PatchPilot: Controlled & Automated Patching

• The paper by Wójtowicz et al. introduces a controlled patch deployment system that duplicates client requests to safely compare responses from patched and unpatched instances in real-time environments.
• The paper by Wang et al. presents an LLM-integrated, rule-based patcher that automates bug reproduction, patch generation, and iterative validation with significant improvements in cost and efficacy.
• Both systems emphasize rigorous patch validation using statistical reliability analysis and dynamic testing, enhancing software safety in mission-critical and open-source contexts.

PatchPilot refers to two distinct but thematically related systems in the domain of software defect management. The first, as proposed by Wójtowicz et al. (2021), implements controlled patch deployment through concurrent execution of patched and unpatched software instances, chiefly for real-time regression detection in web and SCADA systems (Groš et al., 2021). The second, as presented by Wang et al. (2025), is a cost-efficient, rule-based agentic software patcher integrating LLM-driven and non-ML workflows to automatically generate, validate, and refine program patches, targeting high patching effectiveness on the SWE-bench benchmark (Li et al., 4 Feb 2025). Both systems emphasize rigorous control in patch application and validation, but operate at different stages—one at runtime and the other at automated code maintenance.

1. Controlled Patch Deployment via Concurrent Execution

The first PatchPilot implementation is an operational runtime system designed to enable the safe assessment of software patches in mission-critical environments, where direct deployment may risk system integrity. Its core is a Mitmproxy-based proxy that interposes between a client (web browser or load generator) and two Dockerized application instances: the original "Main" (unpatched) and the "Test" (patched). The proxy orchestrates "lockstep execution," ensuring each client request is duplicated, contextually rewritten (e.g., for session tokens, cookies, IDs), and dispatched to both application instances.

Each request-response pair is tagged with a unique header (X-PatchPilot-Key) to enable accurate correlation. The proxy's Response Comparing Module (RCM) accumulates and batch-compares responses, utilizing the Google Diff-Match-Patch library for plain-text responses, canonicalized deep object comparison for JSON, and specialized handling for HTML with attribute permutation. Configurable "legal differences" (e.g., timestamps, nonces, CSRF tokens) are automatically filtered, with remaining divergences triggering alarms and detailed logging at the granularity of HTML tag or JSON path. Only the output of the Main (unpatched) instance is forwarded to the client, ensuring system stability during evaluation (Groš et al., 2021).

2. Probabilistic Reliability Analysis

PatchPilot formalizes its detection guarantee using an exponential distribution for the time between observable divergences due to patch-introduced faults. The unknown divergence rate $\lambda$ is estimated via the unbiased maximum-likelihood estimator:

$\hat{\lambda} = \frac{N-1}{\sum_{i=1}^N T_i}$

where $T_i$ are observed divergence times and $N$ is the count of observed bugs. The standard error is given by:

$se(\hat{\lambda}) = \sqrt{\frac{\lambda^2}{N-2}}$

Given a required testing interval $T_{\text{required}}$, the probability that no divergence is detectable is:

$$P(T > T_{\text{required}}) = e^{-\lambda\,T_{\text{required}}}$$

This model enables the user to select testing durations commensurate with desired confidence levels in patch soundness prior to production use (Groš et al., 2021).

3. Workflow and Effectiveness in Practice

PatchPilot's workflow comprises client request interception and duplication, state synchronization via request rewriting, deep response comparison, and divergence reporting.
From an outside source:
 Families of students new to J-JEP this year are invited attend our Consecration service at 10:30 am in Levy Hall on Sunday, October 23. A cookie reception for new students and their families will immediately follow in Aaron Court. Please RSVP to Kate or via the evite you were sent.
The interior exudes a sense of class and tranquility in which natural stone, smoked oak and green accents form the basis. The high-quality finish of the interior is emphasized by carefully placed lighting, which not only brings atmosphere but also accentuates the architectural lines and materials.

The system supports "learning mode," where it is initialized with paired identical Main instances to automatically extract and encode dynamic but benign field differences.

Empirical evaluation covers three web application suites (eShopOnWeb, Odoo, OpenProject) operating in parallel Docker containers. PatchPilot's configuration permits rapid convergence on legal-difference rules, with no false alarms encountered in ordinary UI interaction scenarios. The runtime overhead is attributed mostly to HTTP parsing and diffing; qualitative results indicate usability for interactive workflows, but no absolute latency or throughput metrics are reported (Groš et al., 2021).
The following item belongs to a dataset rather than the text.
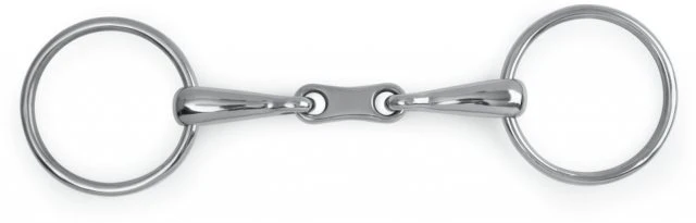 The Shires Loose Ring Snaffle is a loose ring snaffle with a traditional flat French link mouthpiece. Mouthpiece thickness: 17mm. Cheek height: 65mm. Made from Stainless steel, this is the most common material used for bits. Durable, easy to clean, tasteless and does not rust.

4. Generalization, Limitations, and SCADA Extensions

The system's fidelity is limited to observable HTTP-layer differences—the current prototype excludes external side effects such as disk or peripheral writes and is not appropriate for applications with significant non-HTTP or asynchronous side effects. Extensions to SCADA environments are sketched: a control proxy can compare device command streams issued by concurrent SCADA instances, with only the Main instance authorized to affect real hardware. Divergences—after legal normalization of protocol headers and timestamp overlays—can be flagged via log or real-time alarm. Limitations include inability to capture divergences due to unexercised new code paths or changes to intended (not erroneous) behaviors, and the requirement for new proxy implementations for non-HTTP protocols (Groš et al., 2021).

5. PatchPilot: Agentic Rule-Based Automated Software Patching

The PatchPilot system presented by Wang et al. targets automated program repair on modern open-source repositories by combining LLM agents and deterministic rule-based methods in a five-stage workflow:

1. Reproduction: Automatic bug-triggering PoC generation and selection of three regression (“benign”) tests guided by LLM with "self-reflection" refinement loop.
2. Localization: Hierarchical identification of faulty file, class/function, and line ranges via LLM consensus (four passes per level) exploiting coverage and stack traces.
3. Generation: Creation of diverse patch candidates using chain-of-thought multi-step LLM planning with syntax and lint checks (Flake8).
4. Validation: Rigorous filter by rerunning PoC and benign tests, with ranking:

$$RK_p = 1_{\mathrm{PoC\_failed}(p)} + \frac{|failed_{benign}(p)|}{|tested_{benign}(p)|}$$

1. Refinement: Iterative improvement of top-ranked patches via test-driven feedback loops, only falling back to re-localization if no additional test passes are achieved.

The implementation leverages Claude-3.5-Sonnet as the LLM and uses open-source Python tools for syntax validation (Li et al., 4 Feb 2025).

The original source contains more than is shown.